Boolean Algebra Karnaugh Maps I'm having trouble solving this:
Simplify the expression F = W'X'Y'Z' + W'X'YZ' + WX'Y'Z' + WX'YZ' + WXYZ + W'XYZ using a Karnaugh Map.
The book I have very poorly describes how to do Karnaugh Maps. I'd appreciate any help.
 A: The Karnaugh map looks like this:
\begin{array}{|c|c|c|c|c|}\hline
\large wx\backslash yz\normalsize &00 &01 &11 &10 \\\hline
00 &1 &0 &0 &1 \\
01 &0 &0 &1 &0 \\
11 &0 &0 &1 &0 \\
10 &1 &0 &0 &1 \\\hline
\end{array}
There are two simplifications we can make:
\begin{array}{|c|c|c|c|c|}\hline
\large wx\backslash yz\normalsize &00 &01 &11 &10 \\\hline
00 &\color{red}1 &0 &0 &\color{red}1 \\
01 &0 &0 &\color{blue}1 &0 \\
11 &0 &0 &\color{blue}1 &0 \\
10 &\color{red}1 &0 &0 &\color{red}1 \\\hline
\end{array}
In $\color{red}{\text{red}}$ we have
$$\overline w\overline x\overline y \overline z + \overline w \overline x y \overline z + w \overline x \overline y \overline z + w \overline x  y\overline z = \overline x \overline z. $$
In $\color{blue}{\text{blue}}$ we have
$$\overline w x y z + wxyz = xyz. $$
Therefore the reduced expression is
$$\overline x \overline z + xyz. $$
A: As pointed out this is easily simplified without using Karnaugh maps, but one should note that this simplification need not leave disjunctive normal forms for more than one step, and a Karnaugh map is just another representation of just that.
What you do is first to use distributive law and then absorbtion law, that is $AB+A\overline B = A(B+\overline B) = A$, in the Karnaugh table this mean to join two adjecent congruent groupings into one.
In your example this would be:
$\overline W\overline X\overline Y\overline Z + \overline W \overline X Y\overline Z + W\overline X\overline Y\overline Z + W\overline XY\overline Z + WXYZ + \overline WXYZ$
that is only groupings of one cell. The Karnaugh map is:
$\begin{matrix}
   & & W & WZ & Z \\ 
   & A & B & & \\
X  & C & D & & \\
XY &&& E & F\\
Y & \\
\end{matrix}$
I've labeled the cells that contains ones (and left zeroes blank) to ease the explaination. Now one would easily see that A, B, C and D can be grouped into one group and E and F into one, but to use the above law we do the first in two steps.
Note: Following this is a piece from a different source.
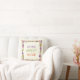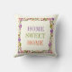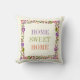 Belo travesseiro floral com flores bonitas em roxo e laranja, folhas verdes e o texto: "HOME SWEET HOME".Mude o texto com o seu.

First we group A+B, C+D and E+F, the corresponding operation on the expression would be (lets first order the terms):
${\overline W\overline X\overline Y\overline Z}^A + {W\overline X\overline Y\overline Z}^B + {\overline W \overline X Y\overline Z}^C + {W\overline XY\overline Z}^{D} + {\overline WXYZ}^E+{WXYZ}^F$
Now combining the grops A+B, C+D and E+F:
${\overline X\overline Y\overline Z}^{A+B} + {\overline X Y\overline Z}^{C+D} + {XYZ}^{E+F}$
Now you have three congruent groupings, but only A+B and C+D are adjecent so we can group them together and have the groups A+B+C+D and E+F, in the expression this will be:
${\overline XY\overline Z}^{A+B+C+D} + {XYZ}^{E+F}$
This is just the first step of Quine-McCluskey algorithm. 
Next is to identify essential implicants which in the Karnaugh table means cells that are only covered with one grouping and eliminate redundant implicants (groups in the Karnaught table or terms in the expression). In the Karnaugh table this means removing groups that are covered by two or more other groups, in the expression this means using the consensus rule.
If you consider it your way to solve this through the expression it will not use other than these two steps and therefore they (algebraic manipulation, Kernaugh table and Quine-McCluskey algorithm) are just different ways to represent the same method.